Denise, I am on SS disability. Have been for 8 yrs now I think (I lose track of time!). It was a miracle of GOD that I got mine. I got it on my first application, however my depression was already a BIG issue when I filed. In fact I'd already spent 2 weeks inpatient in a psychiatric hospital because I'd attempted suicide. NOW, I do NOT recommend that anyone do this and I really wish that I had not, but yet I know that it played a part in me getting my disability the first time around. I had also already been drawing long & short term disability from work for over a year when I filed. It also helped that I was a workers' compensation insurance adjuster and kind of knew what kind of medical documentation they would be looking for and I kept up with this from the very beginning.
I hope that you get your disability very soon. I know how important it is to have it. Good luck and God Bless.

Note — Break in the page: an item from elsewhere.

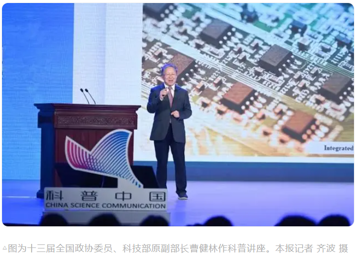 “芯片問題是事關(guān)百年發(fā)展的長期戰(zhàn)略問題,不是短期應(yīng)急問題,必須持之以恒去發(fā)展。”“要充分發(fā)揮制度優(yōu)勢,集中優(yōu)勢隊(duì)伍持續(xù)攻關(guān)。”“要敢于開辟新賽道,打造新生態(tài),推進(jìn)‘再全球化’。”……9月25日下午,寬敞明亮的全國政協(xié)禮堂里,十三屆全國政協(xié)委員、教科衛(wèi)體委員會副主任曹健林正站在舞臺中央巨大的顯示屏前,以“同心協(xié)力,補(bǔ)短揚(yáng)長,開拓中國特色的集成電路產(chǎn)業(yè)發(fā)展道路”為題,為坐在臺下的全國政協(xié)委員、地方政協(xié)委員、高校學(xué)生、科研工作者等700余名觀眾作科普講座。

Soft Hugs to All: Laurie D. said...

Thank you so much for posting this. It is so important for "normal" people to try and understand that we are not just "undependable", we are sick. We cannot help how we feel. It's not like we enjoy feeling this way or losing the lives we had. I never thought of "mourning" the life I lost. It is a good idea, and I am sure will help with my mental and emotional health as well.
Soft Hugs and Prayers to you,
Laurie D.

Unknown said...

Laurie D.,
Thanks for your gentle hugs and prayers and for your comments. It's so nice to find people like yourself, who can agree with me because they understand where I'm coming from. Thanks!

Amanda Kimberley said...
This comment has been removed by the author.
Amanda Kimberley said...

Well put Teresa!

Society tends to label our worth by the job titles we have and the money we make. When we loose these, we can feel lost.

I'm trying very hard to define the me in life because I'm so much more than a job title. I'm a wife, a mother, a daughter, a granddaughter, and a friend. I don't get paid for those roles, but that doesn't mean that they are any less important.